Chainguard is also expanding beyond container images into Python, Java, and JavaScript library artifacts, which tracks with where AI-generated code actually lives. Most AI coding assistants aren't producing Docker containers directly. They're writing Python scripts and JavaScript functions that import dozens of packages.

Who This Is For

Most individual developers and small teams won't interact with Chainguard directly. This is enterprise infrastructure, the kind of thing a platform engineering team deploys so that everyone else can move fast without thinking about supply chain attacks.

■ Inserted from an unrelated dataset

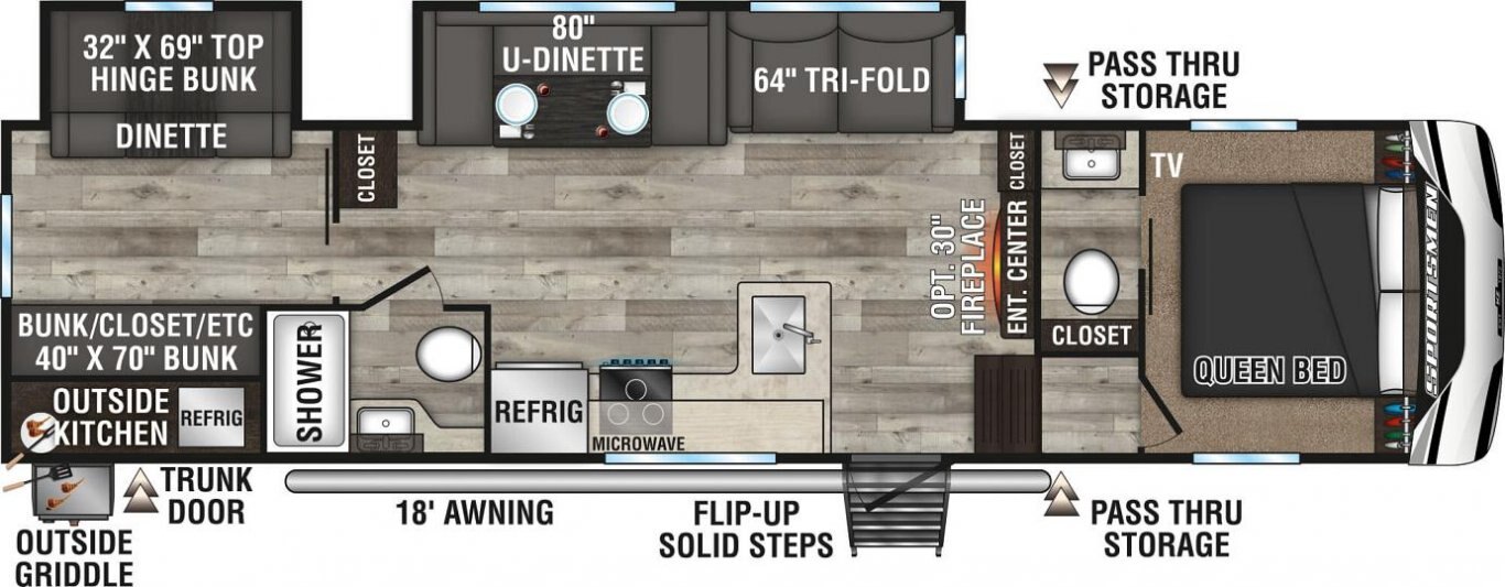 Starting at just 6,200 pounds and over 24' long, Sportsmen is where utility and comfort meet. Optional features like the outdoor griddle and fireplace will only upgrade your recreational lifestyle.

But the Agent Skills piece is worth watching for anyone building with AI coding agents. Right now, the plugin and tool ecosystems around AI agents are mostly unaudited. Someone has to start vetting those, and Chainguard is positioning itself as that layer.

The broader signal here: as AI writes more of our code, the security industry is scrambling to build automated review systems that can keep pace. Patching after deployment was already losing the race. With AI accelerating the pipeline, it's not even close.